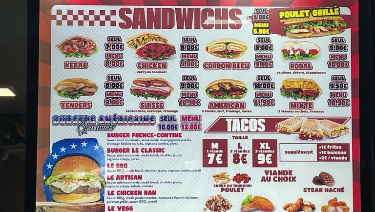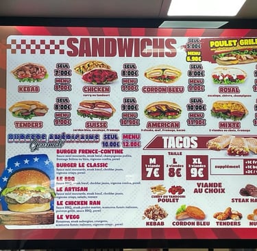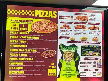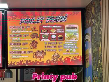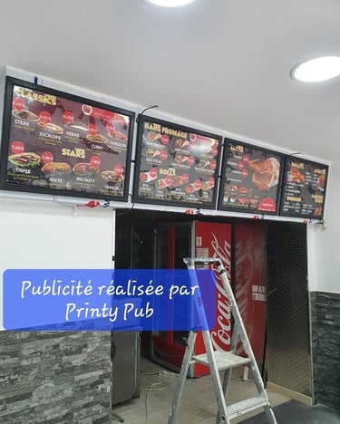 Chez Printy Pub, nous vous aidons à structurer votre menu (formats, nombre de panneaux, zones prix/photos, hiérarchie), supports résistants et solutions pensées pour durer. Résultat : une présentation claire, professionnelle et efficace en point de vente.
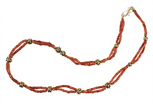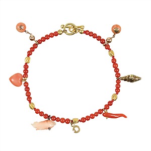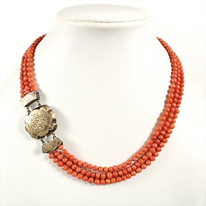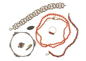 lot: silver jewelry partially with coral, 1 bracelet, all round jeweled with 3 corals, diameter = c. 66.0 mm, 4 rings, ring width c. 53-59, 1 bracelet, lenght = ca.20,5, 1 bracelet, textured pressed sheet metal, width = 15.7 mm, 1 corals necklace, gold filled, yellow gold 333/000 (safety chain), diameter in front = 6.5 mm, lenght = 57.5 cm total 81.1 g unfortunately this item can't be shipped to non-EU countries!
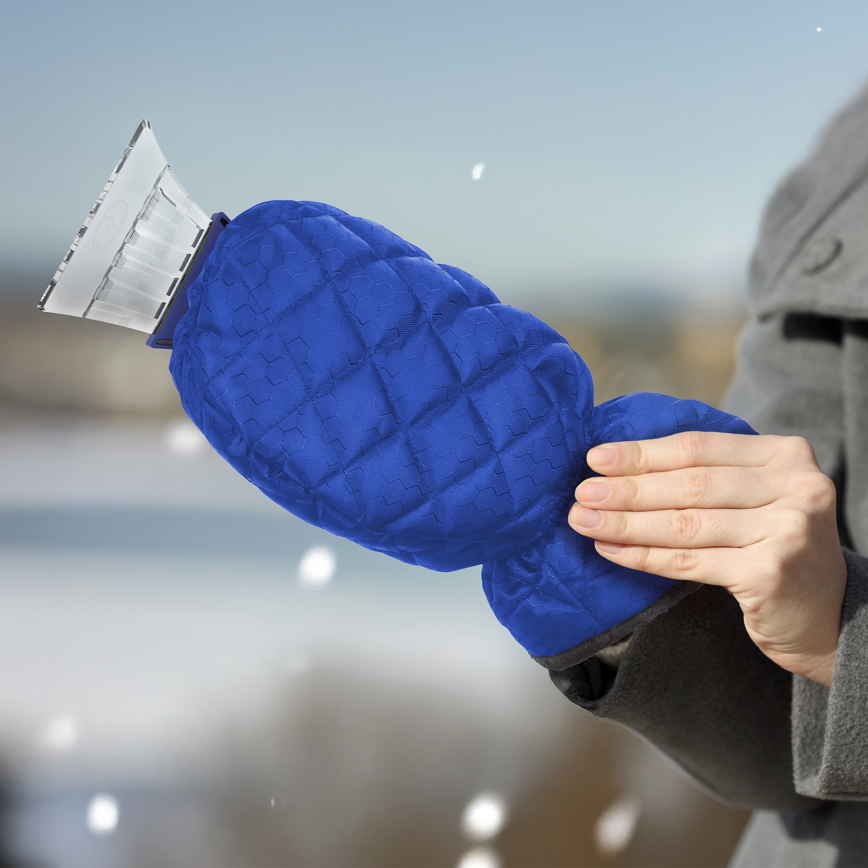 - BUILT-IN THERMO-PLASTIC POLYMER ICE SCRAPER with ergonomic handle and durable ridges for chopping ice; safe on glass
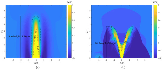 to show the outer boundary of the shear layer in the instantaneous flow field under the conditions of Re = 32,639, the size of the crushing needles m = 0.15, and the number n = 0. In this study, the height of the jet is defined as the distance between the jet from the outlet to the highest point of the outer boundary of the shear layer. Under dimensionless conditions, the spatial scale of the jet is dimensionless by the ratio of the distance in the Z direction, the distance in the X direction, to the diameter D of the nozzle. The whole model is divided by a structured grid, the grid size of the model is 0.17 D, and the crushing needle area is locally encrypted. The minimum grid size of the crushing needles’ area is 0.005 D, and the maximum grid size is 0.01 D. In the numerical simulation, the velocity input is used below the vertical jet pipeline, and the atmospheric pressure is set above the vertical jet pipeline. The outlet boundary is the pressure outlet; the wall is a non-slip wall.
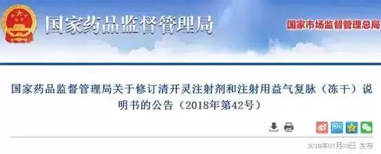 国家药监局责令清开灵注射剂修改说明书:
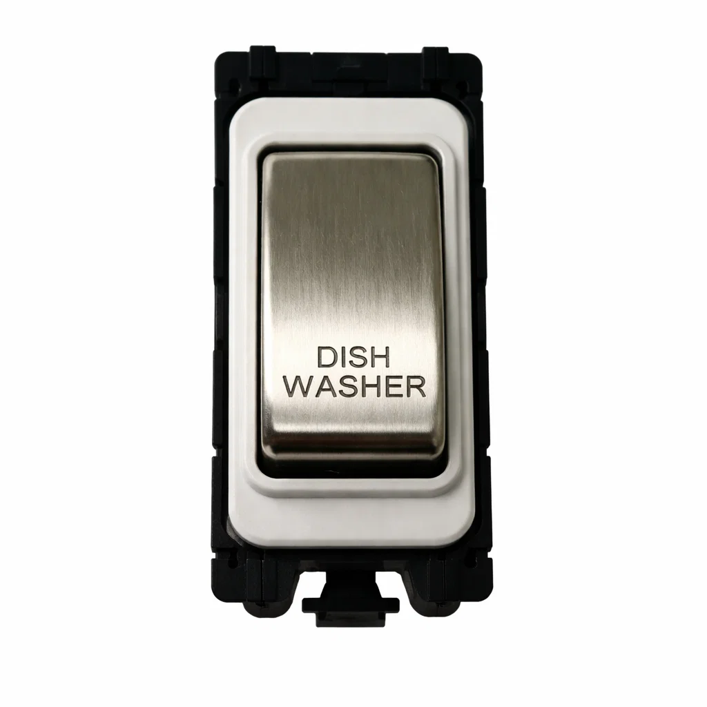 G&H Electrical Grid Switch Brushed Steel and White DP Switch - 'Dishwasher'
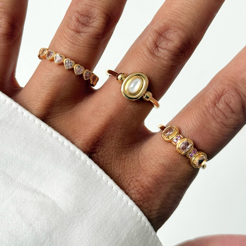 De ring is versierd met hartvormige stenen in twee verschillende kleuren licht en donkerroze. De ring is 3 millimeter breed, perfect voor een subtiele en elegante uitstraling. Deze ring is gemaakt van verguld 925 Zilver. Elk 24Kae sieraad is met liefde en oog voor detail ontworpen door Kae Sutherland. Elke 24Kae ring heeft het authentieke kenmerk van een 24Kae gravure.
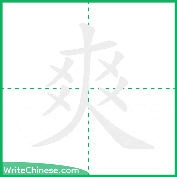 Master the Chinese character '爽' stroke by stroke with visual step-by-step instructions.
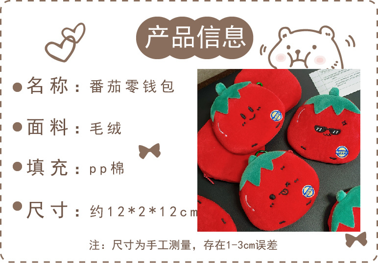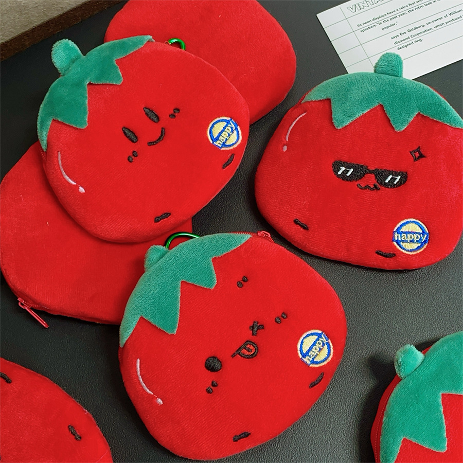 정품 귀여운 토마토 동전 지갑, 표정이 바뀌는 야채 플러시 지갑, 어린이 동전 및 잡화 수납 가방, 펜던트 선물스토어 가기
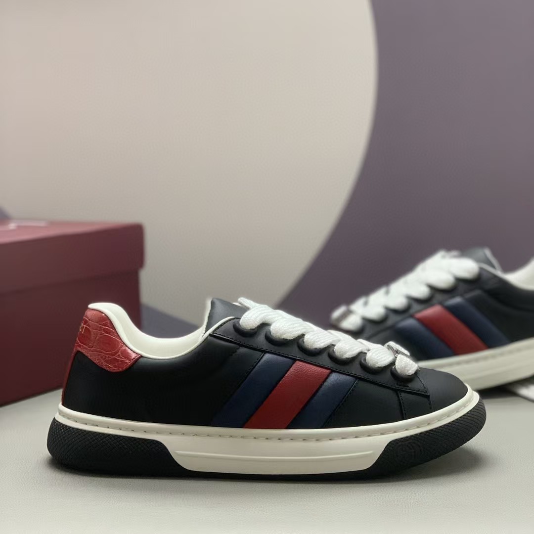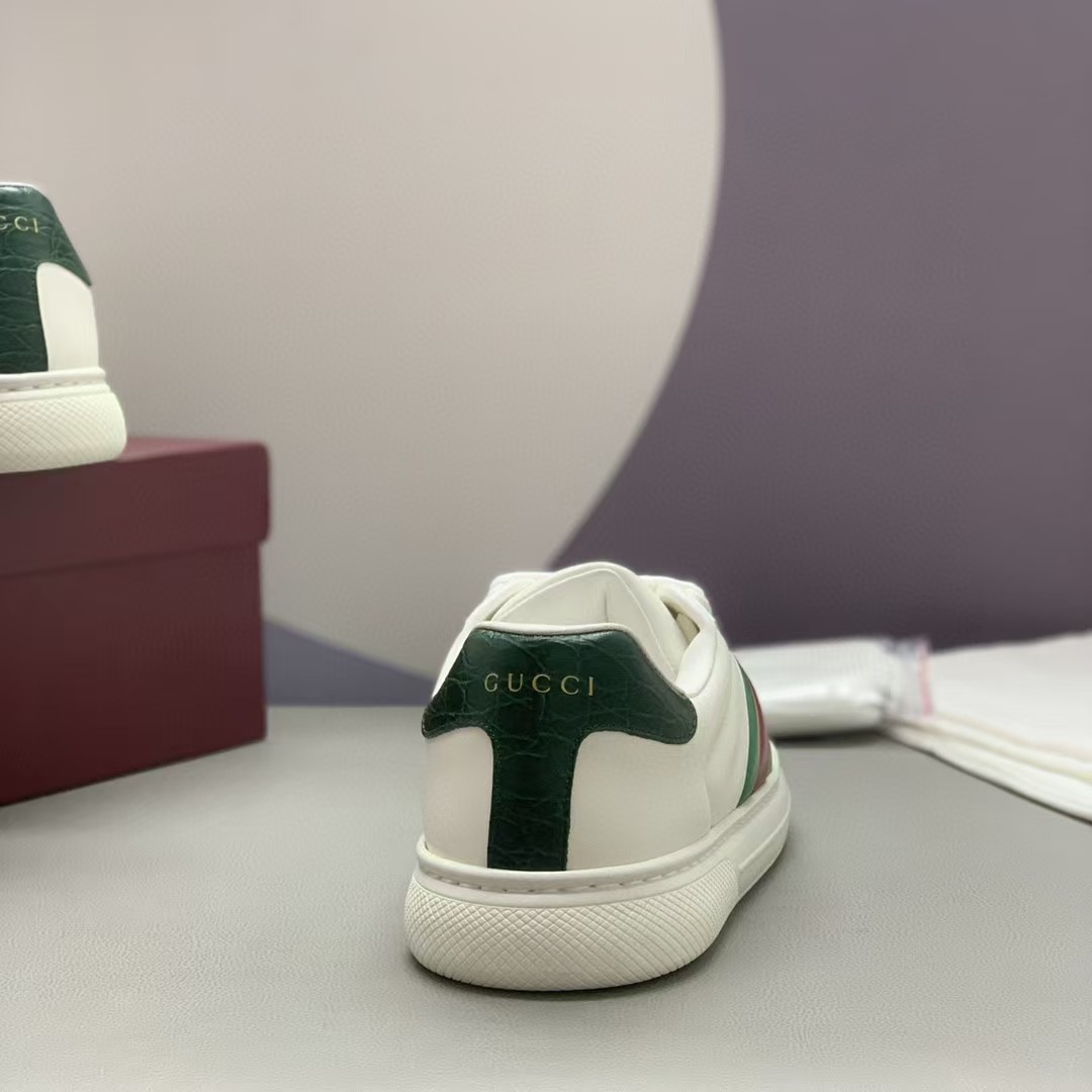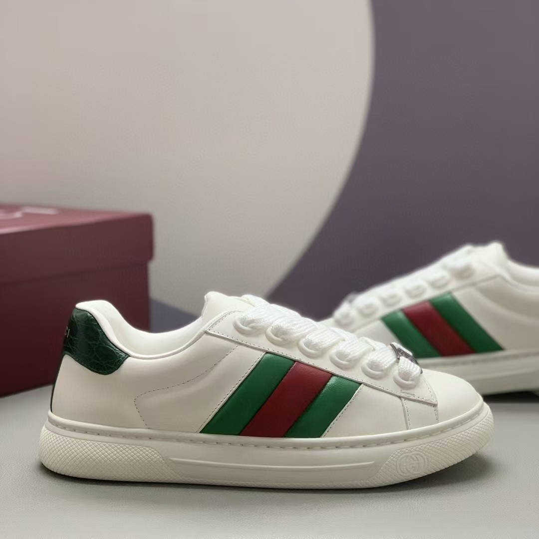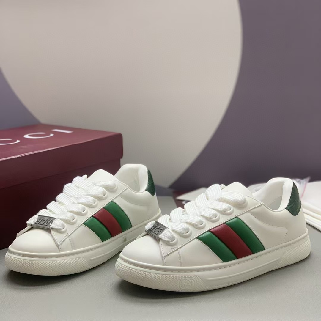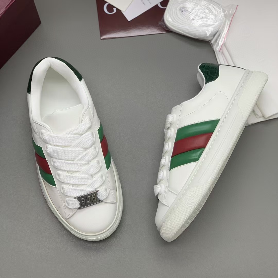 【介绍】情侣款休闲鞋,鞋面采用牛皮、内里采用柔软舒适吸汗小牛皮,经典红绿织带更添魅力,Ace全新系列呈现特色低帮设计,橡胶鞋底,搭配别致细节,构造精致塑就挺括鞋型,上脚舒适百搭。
++++++++++
Exercise brief. Copy out all the entries precisely. No images.

Reply.
 Chez Printy Pub, nous vous aidons à structurer votre menu (formats, nombre de panneaux, zones prix/photos, hiérarchie), supports résistants et solutions pensées pour durer. Résultat : une présentation claire, professionnelle et efficace en point de vente.
 lot: silver jewelry partially with coral, 1 bracelet, all round jeweled with 3 corals, diameter = c. 66.0 mm, 4 rings, ring width c. 53-59, 1 bracelet, lenght = ca.20,5, 1 bracelet, textured pressed sheet metal, width = 15.7 mm, 1 corals necklace, gold filled, yellow gold 333/000 (safety chain), diameter in front = 6.5 mm, lenght = 57.5 cm total 81.1 g unfortunately this item can't be shipped to non-EU countries!
 - BUILT-IN THERMO-PLASTIC POLYMER ICE SCRAPER with ergonomic handle and durable ridges for chopping ice; safe on glass
 to show the outer boundary of the shear layer in the instantaneous flow field under the conditions of Re = 32,639, the size of the crushing needles m = 0.15, and the number n = 0. In this study, the height of the jet is defined as the distance between the jet from the outlet to the highest point of the outer boundary of the shear layer. Under dimensionless conditions, the spatial scale of the jet is dimensionless by the ratio of the distance in the Z direction, the distance in the X direction, to the diameter D of the nozzle. The whole model is divided by a structured grid, the grid size of the model is 0.17 D, and the crushing needle area is locally encrypted. The minimum grid size of the crushing needles’ area is 0.005 D, and the maximum grid size is 0.01 D. In the numerical simulation, the velocity input is used below the vertical jet pipeline, and the atmospheric pressure is set above the vertical jet pipeline. The outlet boundary is the pressure outlet; the wall is a non-slip wall.
 国家药监局责令清开灵注射剂修改说明书:
 G&H Electrical Grid Switch Brushed Steel and White DP Switch - 'Dishwasher'
 De ring is versierd met hartvormige stenen in twee verschillende kleuren licht en donkerroze. De ring is 3 millimeter breed, perfect voor een subtiele en elegante uitstraling. Deze ring is gemaakt van verguld 925 Zilver. Elk 24Kae sieraad is met liefde en oog voor detail ontworpen door Kae Sutherland. Elke 24Kae ring heeft het authentieke kenmerk van een 24Kae gravure.
 Master the Chinese character '爽' stroke by stroke with visual step-by-step instructions.
 정품 귀여운 토마토 동전 지갑, 표정이 바뀌는 야채 플러시 지갑, 어린이 동전 및 잡화 수납 가방, 펜던트 선물스토어 가기
 【介绍】情侣款休闲鞋,鞋面采用牛皮、内里采用柔软舒适吸汗小牛皮,经典红绿织带更添魅力,Ace全新系列呈现特色低帮设计,橡胶鞋底,搭配别致细节,构造精致塑就挺括鞋型,上脚舒适百搭。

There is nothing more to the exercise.